What is required =
Leaving out the images, return the data below exactly as it is written.

*** Opening of Records to use ***

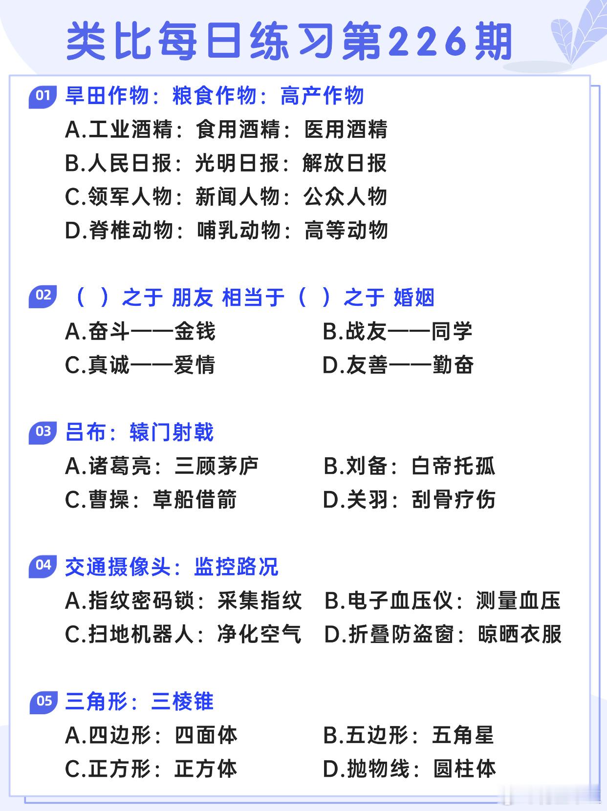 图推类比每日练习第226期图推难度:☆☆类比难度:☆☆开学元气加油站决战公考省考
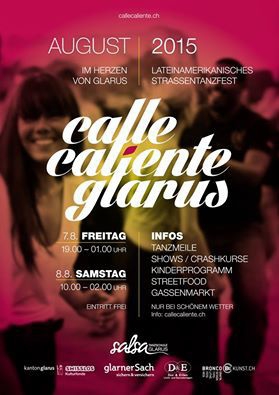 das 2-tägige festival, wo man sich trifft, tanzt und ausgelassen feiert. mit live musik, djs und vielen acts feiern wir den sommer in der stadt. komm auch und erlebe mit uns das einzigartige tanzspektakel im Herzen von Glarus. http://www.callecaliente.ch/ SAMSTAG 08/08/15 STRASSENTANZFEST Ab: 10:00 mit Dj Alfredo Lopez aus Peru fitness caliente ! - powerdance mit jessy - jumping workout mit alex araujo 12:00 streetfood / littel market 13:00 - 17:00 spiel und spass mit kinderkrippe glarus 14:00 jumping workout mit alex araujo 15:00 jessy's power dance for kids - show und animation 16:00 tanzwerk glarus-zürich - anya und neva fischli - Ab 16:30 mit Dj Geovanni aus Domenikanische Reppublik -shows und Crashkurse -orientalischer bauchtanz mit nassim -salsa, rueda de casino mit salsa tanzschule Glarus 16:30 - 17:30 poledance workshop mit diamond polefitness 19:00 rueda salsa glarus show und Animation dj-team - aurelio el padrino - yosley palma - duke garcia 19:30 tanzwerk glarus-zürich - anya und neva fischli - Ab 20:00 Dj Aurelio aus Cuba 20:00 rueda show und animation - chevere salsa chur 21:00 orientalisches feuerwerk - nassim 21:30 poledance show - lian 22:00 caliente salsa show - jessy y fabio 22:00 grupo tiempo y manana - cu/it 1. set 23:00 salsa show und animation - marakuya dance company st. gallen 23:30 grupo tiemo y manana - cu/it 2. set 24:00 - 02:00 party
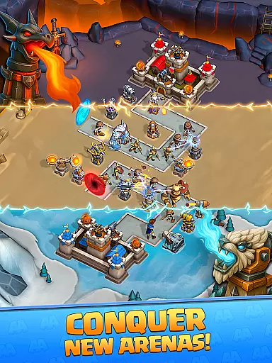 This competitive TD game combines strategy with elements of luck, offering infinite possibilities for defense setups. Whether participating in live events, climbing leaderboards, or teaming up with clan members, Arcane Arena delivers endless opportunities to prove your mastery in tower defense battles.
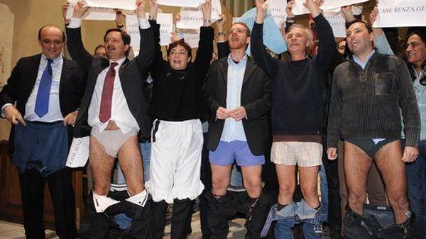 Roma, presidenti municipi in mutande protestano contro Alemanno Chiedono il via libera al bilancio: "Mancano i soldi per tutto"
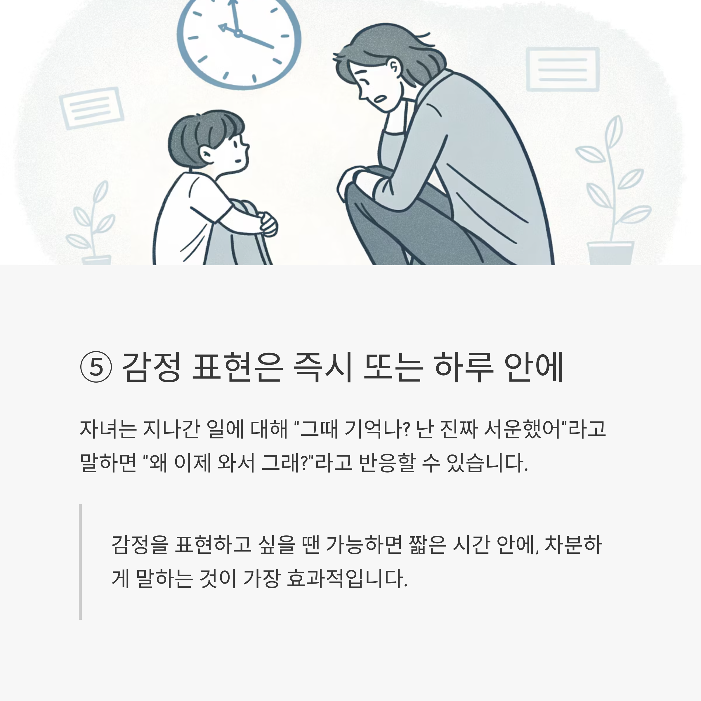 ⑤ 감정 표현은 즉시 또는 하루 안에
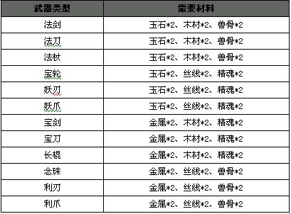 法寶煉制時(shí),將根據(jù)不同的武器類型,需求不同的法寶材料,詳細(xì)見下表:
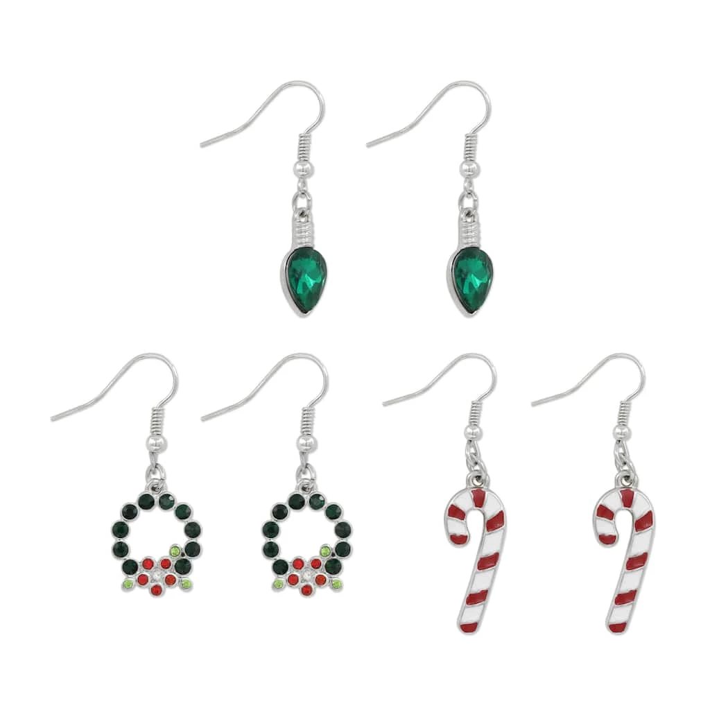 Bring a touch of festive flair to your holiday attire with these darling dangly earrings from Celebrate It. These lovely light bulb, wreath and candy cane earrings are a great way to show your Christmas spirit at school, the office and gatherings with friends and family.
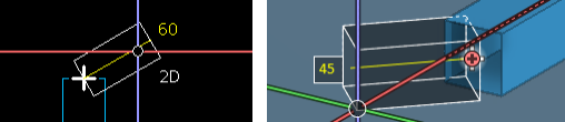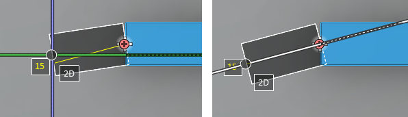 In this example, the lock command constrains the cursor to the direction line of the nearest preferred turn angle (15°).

*** Close of Records to use ***

The completed task =
 图推类比每日练习第226期图推难度:☆☆类比难度:☆☆开学元气加油站决战公考省考
 das 2-tägige festival, wo man sich trifft, tanzt und ausgelassen feiert. mit live musik, djs und vielen acts feiern wir den sommer in der stadt. komm auch und erlebe mit uns das einzigartige tanzspektakel im Herzen von Glarus. http://www.callecaliente.ch/ SAMSTAG 08/08/15 STRASSENTANZFEST Ab: 10:00 mit Dj Alfredo Lopez aus Peru fitness caliente ! - powerdance mit jessy - jumping workout mit alex araujo 12:00 streetfood / littel market 13:00 - 17:00 spiel und spass mit kinderkrippe glarus 14:00 jumping workout mit alex araujo 15:00 jessy's power dance for kids - show und animation 16:00 tanzwerk glarus-zürich - anya und neva fischli - Ab 16:30 mit Dj Geovanni aus Domenikanische Reppublik -shows und Crashkurse -orientalischer bauchtanz mit nassim -salsa, rueda de casino mit salsa tanzschule Glarus 16:30 - 17:30 poledance workshop mit diamond polefitness 19:00 rueda salsa glarus show und Animation dj-team - aurelio el padrino - yosley palma - duke garcia 19:30 tanzwerk glarus-zürich - anya und neva fischli - Ab 20:00 Dj Aurelio aus Cuba 20:00 rueda show und animation - chevere salsa chur 21:00 orientalisches feuerwerk - nassim 21:30 poledance show - lian 22:00 caliente salsa show - jessy y fabio 22:00 grupo tiempo y manana - cu/it 1. set 23:00 salsa show und animation - marakuya dance company st. gallen 23:30 grupo tiemo y manana - cu/it 2. set 24:00 - 02:00 party
 This competitive TD game combines strategy with elements of luck, offering infinite possibilities for defense setups. Whether participating in live events, climbing leaderboards, or teaming up with clan members, Arcane Arena delivers endless opportunities to prove your mastery in tower defense battles.
 Roma, presidenti municipi in mutande protestano contro Alemanno Chiedono il via libera al bilancio: "Mancano i soldi per tutto"
 ⑤ 감정 표현은 즉시 또는 하루 안에
 法寶煉制時(shí),將根據(jù)不同的武器類型,需求不同的法寶材料,詳細(xì)見下表:
 Bring a touch of festive flair to your holiday attire with these darling dangly earrings from Celebrate It. These lovely light bulb, wreath and candy cane earrings are a great way to show your Christmas spirit at school, the office and gatherings with friends and family.
 In this example, the lock command constrains the cursor to the direction line of the nearest preferred turn angle (15°).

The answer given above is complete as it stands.